I am off any medication. 2 Extra strength Tylenol every 6 hours, 2 regular Ibuprophen is all I took for 4 days. I still have some pain when I sneeze or cough. And it hurts to sleep on my right side. Otherwise I can walk for an hour and take care not to lift heavy objects. The key is to wait for at least 3 months before one can get back to normal activities.
My surgery went really well, I had no complications, mild discomfort for a few weeks and I am now able to resume to my previous life.
I wanted to balance the comments and let peoiple know that not all repairs end with complications.
HOPE THSI HELPS TO YOU
Thank you
His entire stomach has a skin graph and the hernia is very very large. (the entire stomach). He wears a brace and is in alot of pain. The plastic surgeon who applied the skin graph said he needed to lose at least 100 pounds which he has exceeded 100 pounds. The have to remove the skin graph and repair the hernia. We are very afraid of the proceedure and dont' know what the risks are, and the recovery. Also because of his 3 surgery's in 9 days he has lost the function of one of his kidneys. Can you help?
Respectfully,
Laura
I had my incisional hernia repaired with mesh about 8 weeks ago. I had fluid build-up, which was drained twice. The second time I asked the doctor if the build-up could be reduced by wearing an abdominal binder (a wide elastic belt fastened with velcro and that compresses the abdomen or waist)or hernia support belt. He explained if the gap between the mesh and the skin is minimised in this way, there is not so much space for fluid to form in. It's not that fluid is leaking from anywhere, it's just the tissue producing it in response to the operation. OK so I wore the abdominal binder, not very tight, day and night for 2 weeks and there was much less fluid produced, so little that there has been no need to drain it again! It will be reabsorbed into the body over time. I still wear the binder during the day but leave it off at night.
I still get pain, but the surgeon just smiles and says that is not surprising after a major operation.
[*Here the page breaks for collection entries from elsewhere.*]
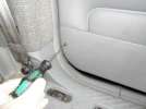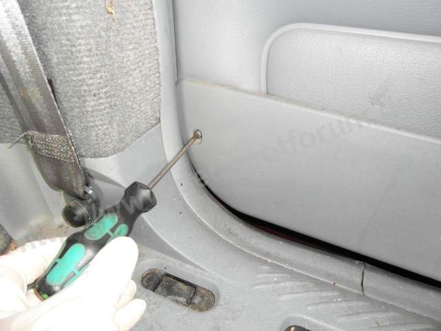 Ist der vordere Teil der T?rpappe gel?st, die Schiebe T?r ca 10 - 15cm ?ffnen. So, das der hintere Teil der T?r sich gerade von der Karosse hebt und man gerade noch mit den Fingern hinter die T?rpappe zum raus hebeln greifen kann.
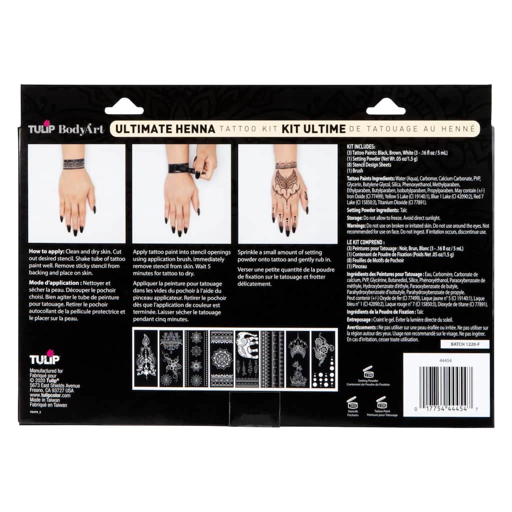 Turn yourself into a work of art with Tulip Body Art. Easily create beautiful, intricate henna-inspired designs with the high-definition stencils included in this ultimate henna tattoo kit. Perfect for events or simply celebrating your personal style, self expression is fun and easy with Tulip Body Art. Kit includes black, white and brown tattoo paints with precision tips for free-hand application if desired, setting powder, an application brush and 8 high-definition sticky stencil sheets. Tattoos are long lasting with proper care.
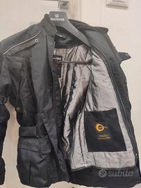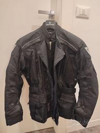 Giacca da moto American PRO in tessuto con doppia zip di chiusura e tre strati. Membrana interna impermeabile rimovibile (AcquaKill) e strato interno termico rimovibile. Tasche per inserimento protezioni su schiena, spalle e gomiti. Le protezione vecchie sono state rimosse perché usurate. Zip esterna leggermente difettosa.
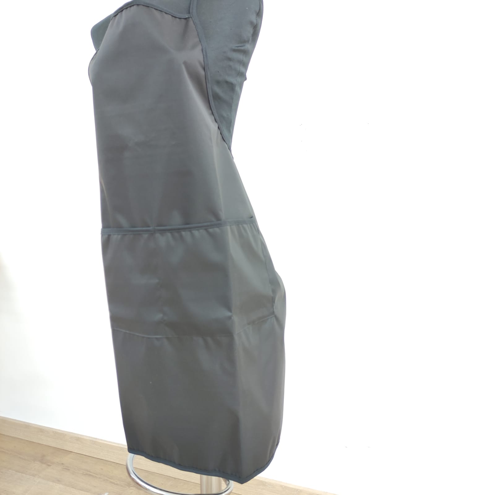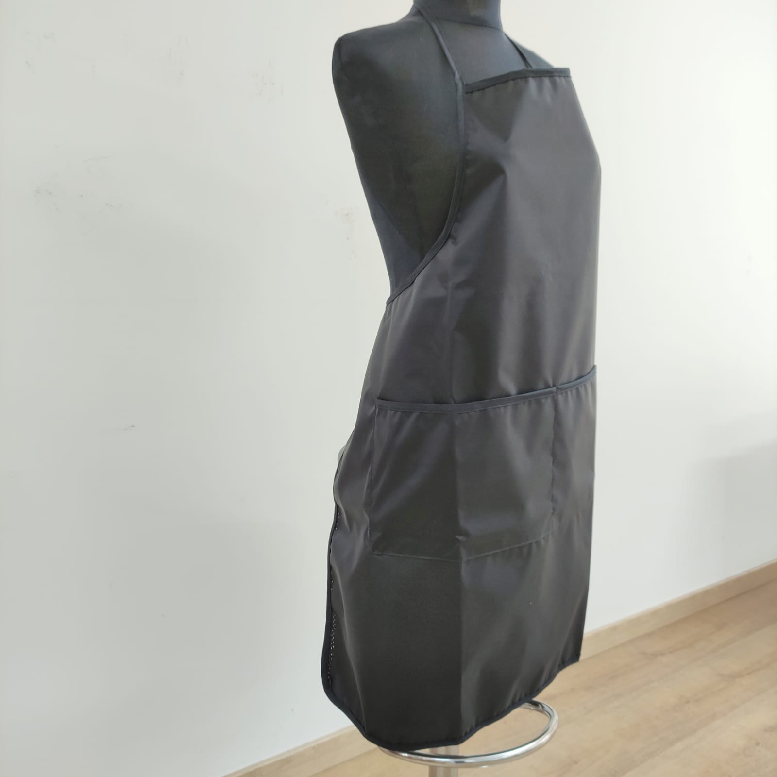Avental de cozinheiro plastificado, largo e prático. Contém um bolso grande.

Laughing, coughing and sneezing hurt, but I put my arms across my belly and hold tight and that makes it less painful. Healing takes time, we have to be patient and let the body do its job. Hope this helps.
The doc told me to resume gym activities after another month. Just for grins I waited until last Nov before working out again. BAD mistake.. I get to go on 11/29/11 for 5K deductible to have the hernia fixed via a standard fascia suturing with an underlay of a newly developed biosyntheic mesh by a five star Doc well versed in both procedures...It better work, or I am going have to sue TWO doctors instead of one. I'll let you all know how it turns out.
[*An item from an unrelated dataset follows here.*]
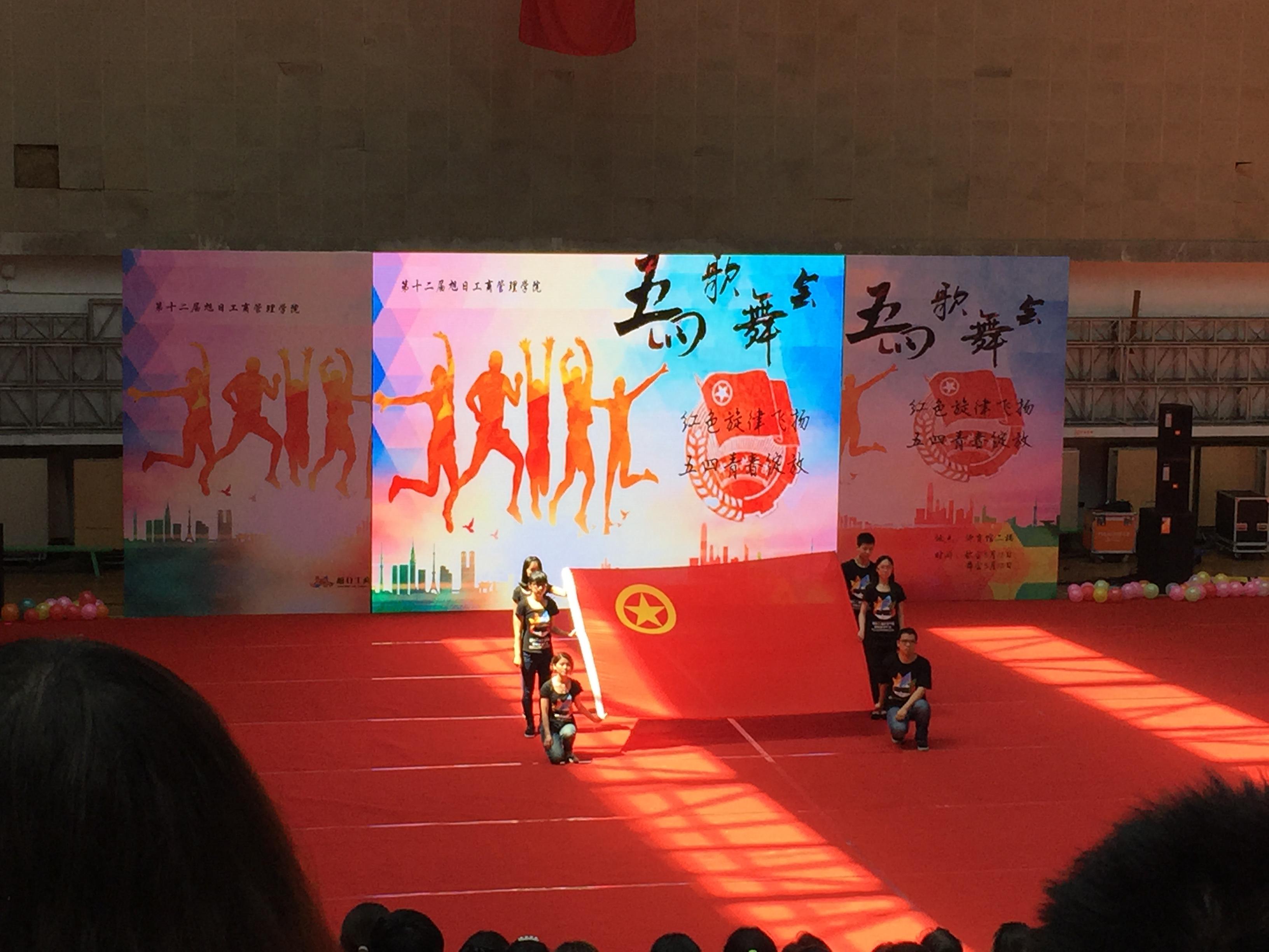 会计1402班黑白配的衣服显得无比整齐;管科1402班的舞蹈更是别具一格,背影妖娆多姿;身着短裙的会经1401的女生更是让现场画风突变;三个节目之后,辅导员带来了表演“奔跑吧辅导员”,欢快的音乐、轻盈的舞姿让同学们感受到了辅导员们的青春活力,迎来了同学们一阵又一阵的欢呼声。经济1403则带来了震撼的扇子舞表演,轻盈的舞姿让现场观众大饱眼福……每个班的舞蹈风格迥异,用激情追寻美丽青春梦,用活力演绎不一样的青春之风。每一位同学意气风发,挥洒着热血,洋溢着青春的气息。 晚上的五四舞会中,物流1301展示他们的歌曲《相亲相爱》;管硕141和144两个班级携手带来的歌曲《站起来》;旅游1301用《龙的传人》与舞龙表演震撼了全场……中场休息的时候,主持人请上了曾获得校园好声音华东赛区一等奖的宿管部陈月萍老师,一曲《花儿为什么这样红》瞬间征服了在座的每一个观众,掌声经久不息。

I had a colon resection gone bad, then a year later needed large ventral hernia repair from surgery site. My whole abdomen bulges now and am concerned about future hernia due to bulging.
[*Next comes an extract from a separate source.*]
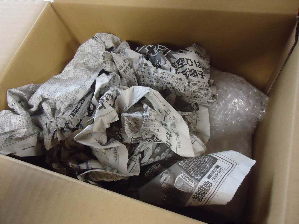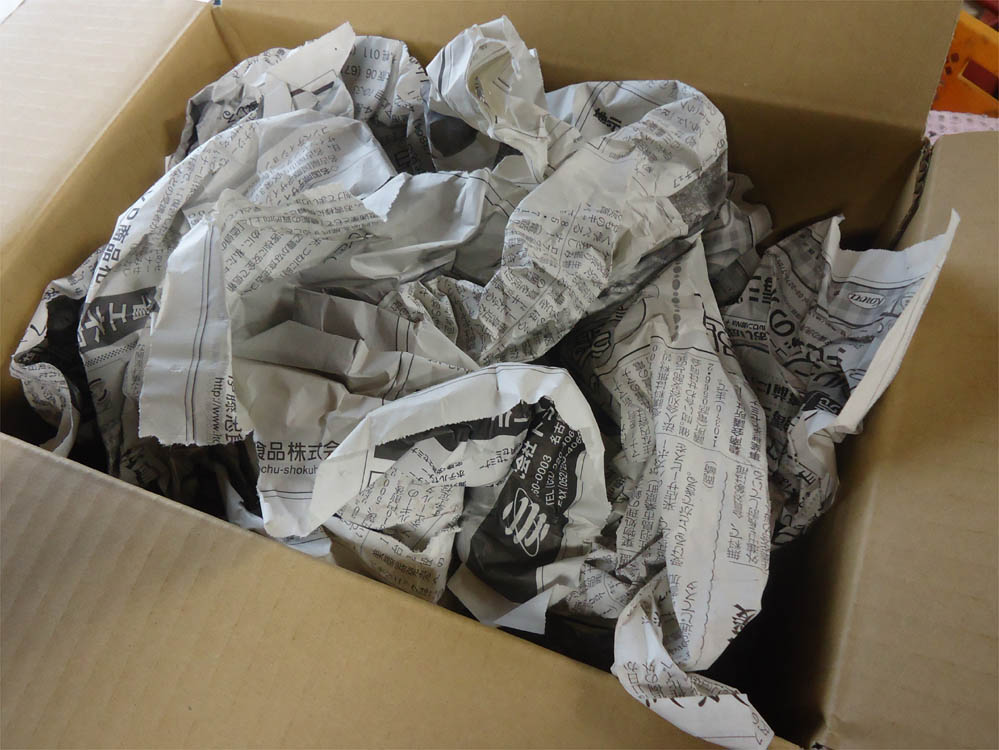 新聞紙等丸めた衝撃材置いて

Any one know how to reduce the bulge? I've been losing weight, but bulge is still huge.
I have not insurance and no family, so I need to plan every step of the way : cost of surgery ( montly payment),how to pay my bills while recovering time ( rent, etc, etc. ). I have this for the last 5 years and was waiting to save some money to do this but with this economy I've worked wherever I could just to survive; I'm feeling pain last few weeks and my line of work is heavy lifting all the time.